Directions
A faithful, word-for-word copy of the data below is required, without pictures.

※

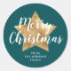 Élégant Sticker Rond Classique de Noël Étoile Verte Joyeux.
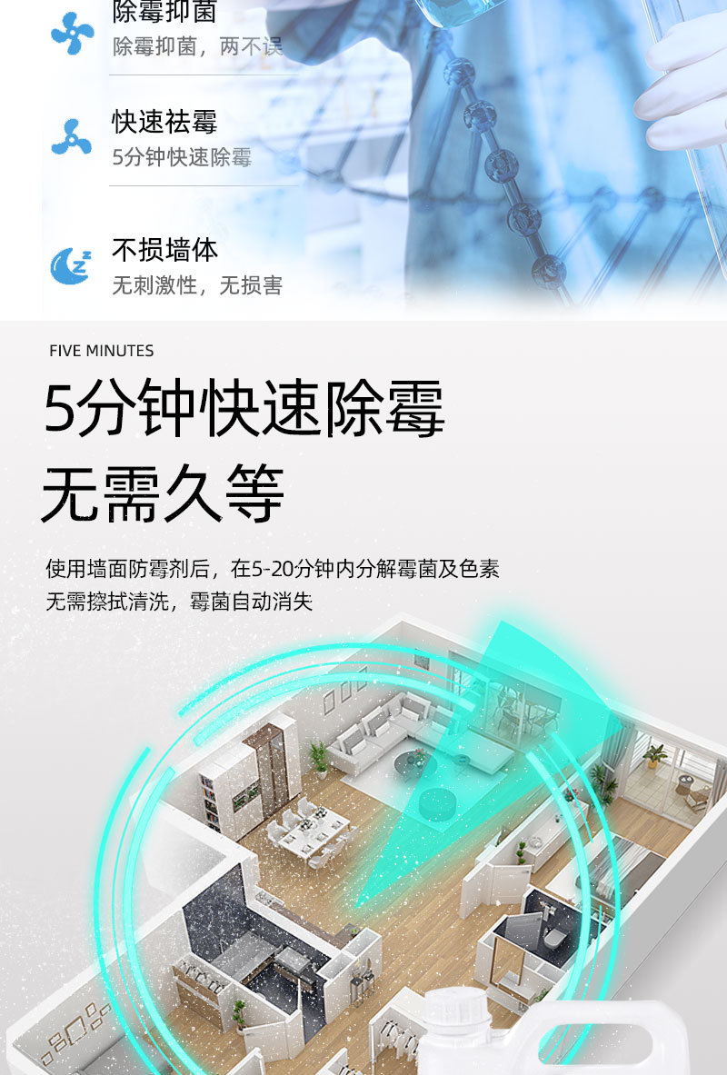除霉剂强效渗透,5分钟去除霉斑且不伤墙体;
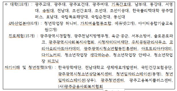 한편 광주시는 5개 자치구 학교밖청소년지원센터와 함께 상담, 학습 지원, 진로 지원, 건강검진, 자기계발 활동 등 다양한 서비스를 제공하고 있다. 자세한 내용은 누리집(www.flyyouth.or.kr) 또는 전화(062-376-1324)로 문의하면 된다.
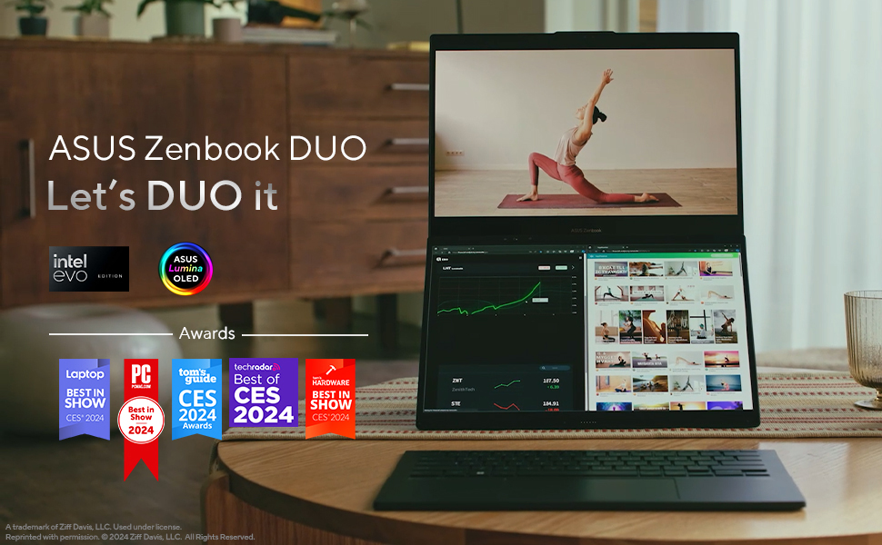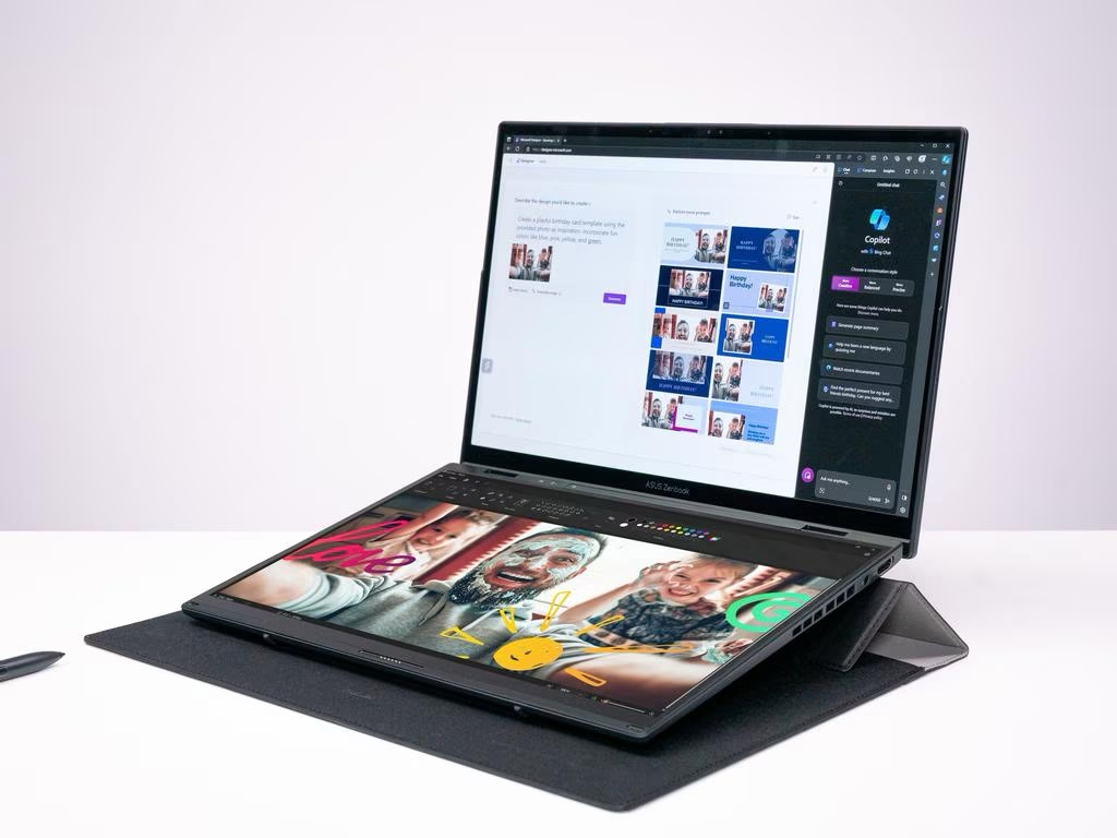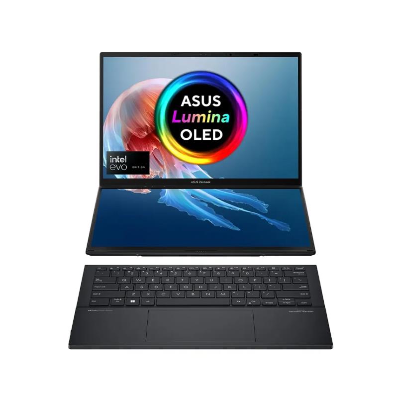 La Asus Zenbook Duo Ultra redefine la experiencia de productividad con su diseño distintivo y su pantalla táctil OLED 3K de 14.5″, que ofrece colores extremadamente precisos, contraste profundo y una claridad que potencia el trabajo visual en cada tarea. Este modelo incorpora una segunda pantalla integrada ScreenPad Plus que amplía el espacio de trabajo de forma inteligente, permitiendo organizar herramientas, líneas de tiempo, paneles de control o previsualizaciones sin saturar la pantalla principal. Su chasis elegante y acabado premium transmite calidad, mientras que la comodidad de uso se siente tanto en entornos profesionales como creativos. El teclado y trackpad están pensados para brindar precisión y ergonomía en largas jornadas, y al llegar con Windows 11, la Zenbook Duo Ultra está lista para usarse con compatibilidad y seguridad desde el primer encendido.
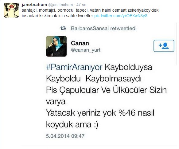 İşte “Canan” isimli fake bir hesabtan atılan bu tweet provokasyonun belgesi niteliğinde:

※

Solution for this problem
 Élégant Sticker Rond Classique de Noël Étoile Verte Joyeux.
除霉剂强效渗透,5分钟去除霉斑且不伤墙体;
 한편 광주시는 5개 자치구 학교밖청소년지원센터와 함께 상담, 학습 지원, 진로 지원, 건강검진, 자기계발 활동 등 다양한 서비스를 제공하고 있다. 자세한 내용은 누리집(www.flyyouth.or.kr) 또는 전화(062-376-1324)로 문의하면 된다.
 La Asus Zenbook Duo Ultra redefine la experiencia de productividad con su diseño distintivo y su pantalla táctil OLED 3K de 14.5″, que ofrece colores extremadamente precisos, contraste profundo y una claridad que potencia el trabajo visual en cada tarea. Este modelo incorpora una segunda pantalla integrada ScreenPad Plus que amplía el espacio de trabajo de forma inteligente, permitiendo organizar herramientas, líneas de tiempo, paneles de control o previsualizaciones sin saturar la pantalla principal. Su chasis elegante y acabado premium transmite calidad, mientras que la comodidad de uso se siente tanto en entornos profesionales como creativos. El teclado y trackpad están pensados para brindar precisión y ergonomía en largas jornadas, y al llegar con Windows 11, la Zenbook Duo Ultra está lista para usarse con compatibilidad y seguridad desde el primer encendido.
 İşte “Canan” isimli fake bir hesabtan atılan bu tweet provokasyonun belgesi niteliğinde:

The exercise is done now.